通用声学模型14是从大规模带内容标注的口语语料训练得到，用于描述音素的发音特征分布的文件，是采用不同地区、不同口音影响的口语语音作为训练集，训练通用的三音子(Tri-Phone)声学模型，确保声学模型能够比较一致地匹配各地区、各类型考生的口语语音；The universal acoustic model 14 is obtained from large-scale spoken language corpus training with content labeling, and is used to describe the file of pronunciation feature distribution of phonemes. It adopts spoken voices influenced by different regions and different accents as a training set, and trains general triphones ( Tri-Phone) acoustic model to ensure that the acoustic model can more consistently match the spoken pronunciation of candidates in various regions and types;

在本实施例中，通用声学模型14是性别相关模型(Gender DependantModel)，即男声和女声采用不同的两套模型描述，而且，在通用声学模型14训练中，采用了最小音素错误区分度训练准则(Minimum PhoneError，MPE)和异方差线性区分性建模方法(Heteroscedastic LinearDiscriminant Analysis，HLDA)，确保声学匹配性能和识别效果。在本例中，男女声的通用声学模型，分别采用200多小时带精确标注的训练语料训练得到。In the present embodiment, the universal acoustic model 14 is a gender-dependent model (Gender DependantModel), that is, male and female voices are described using two different sets of models, and, in the universal acoustic model 14 training, the minimum phoneme error discrimination degree training criterion is adopted (Minimum Phone Error, MPE) and heteroscedastic linear discriminant modeling method (Heteroscedastic Linear Discriminant Analysis, HLDA), to ensure the acoustic matching performance and recognition effect. In this example, the general acoustic models for male and female voices are trained using more than 200 hours of training corpus with precise annotations.
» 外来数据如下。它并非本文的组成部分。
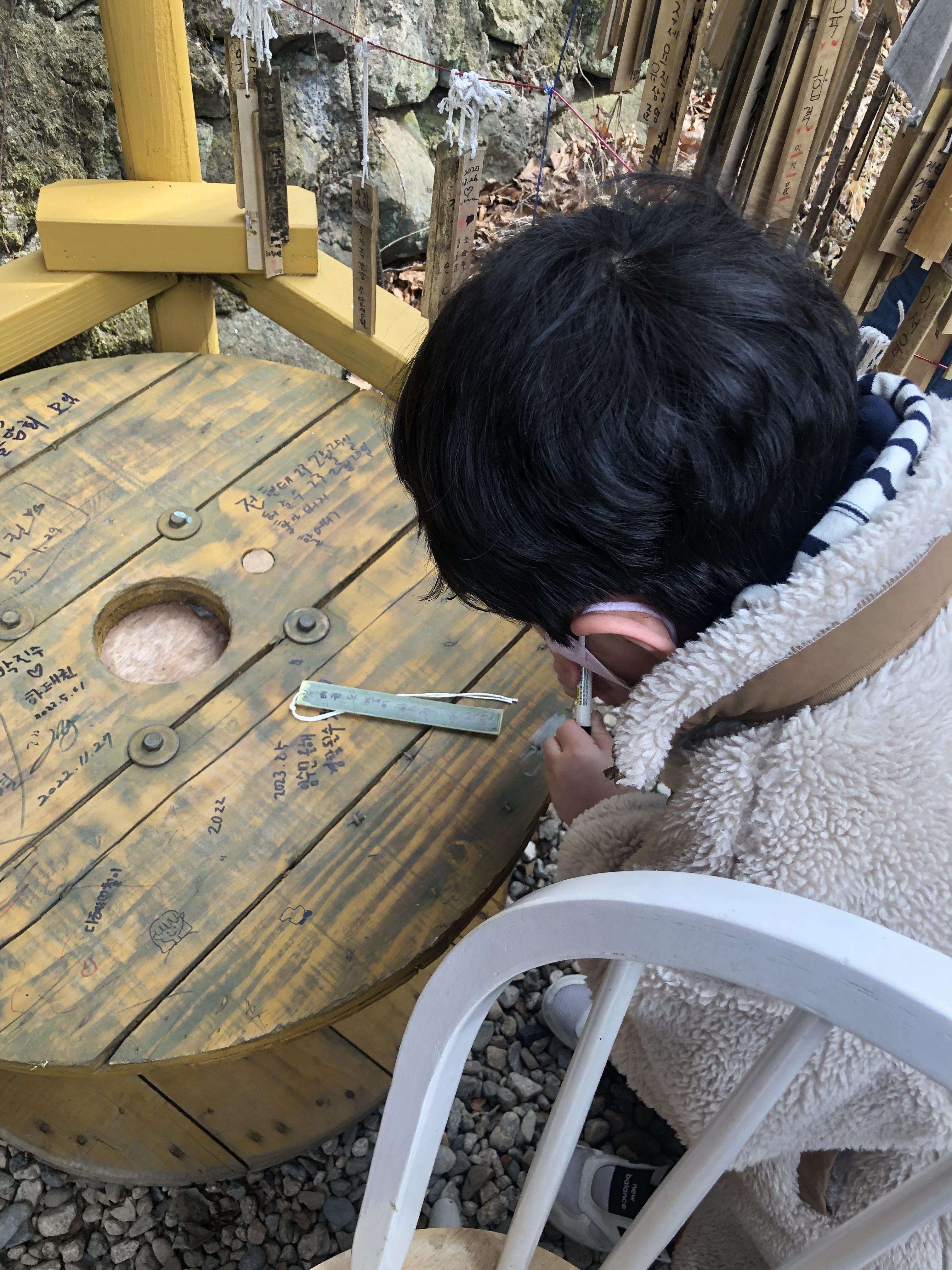 특별한 것은 없고... 장승구경과 함께 소원적기 코너가 있습니다. 가격은 1000원이며, 무인시스템으로 돈 넣고 나무 조각에 소원을 적어 걸어두면 됩니다. 특별하진 않지만 아이가 좋아하네요~

容错发音词典15是用于描述口语词汇和发音音素的对应关系的文件，并包含常见的发音变异和发音错误标注信息。容错发音词典15是在发音词典中加入常见的单词口语发音变异和错误，确保在考生出现这类变异和错误时，降低语音识别路径搜索中裁减错误的风险，提高口语语音的识别率。发音变异和错误现象，在真实的口语语音中非常常见，需要通过容错发音词典描述这类现象。The error-tolerant pronunciation dictionary 15 is a file used to describe the corresponding relationship between spoken words and pronunciation phonemes, and contains common pronunciation variations and mispronunciation marking information. Fault-tolerant Pronunciation Dictionary 15 is to add common spoken word pronunciation variations and errors in the pronunciation dictionary to ensure that when candidates have such variations and errors, the risk of cutting errors in the speech recognition path search is reduced, and the recognition rate of spoken speech is improved. Pronunciation variation and errors are very common in real spoken speech, and it is necessary to describe such phenomena through an error-tolerant pronunciation dictionary.

语言模型11为N元文法模型(N-Gram)，根据口语评估专家设定的口语答题范围，动态生成语言模型，提高识别准确率，答题范围由口语评估专家设置，语言模型中包含常见的语法和用词错误，确保语言模型11和真实的口语语音内容匹配度，提高口语语音的识别率；语法和用词错误在朗读类题型中出现较少，但在口语翻译和话题简述类题型中很常见，因此，这类题型的语言模型需要增加常见的语法和用词错误，提高识别对齐的准确率。The language model 11 is an N-gram grammar model (N-Gram). According to the oral answer range set by the oral evaluation expert, the language model is dynamically generated to improve the recognition accuracy. The answer range is set by the oral evaluation expert. The language model includes common grammar and word mistakes, to ensure that the language model 11 matches the real spoken speech content, and improve the recognition rate of spoken speech; grammatical and word mistakes appear less in reading aloud questions, but in oral translation and topic brief description questions Therefore, the language model of this type of question needs to add common grammatical and word mistakes to improve the accuracy of recognition alignment.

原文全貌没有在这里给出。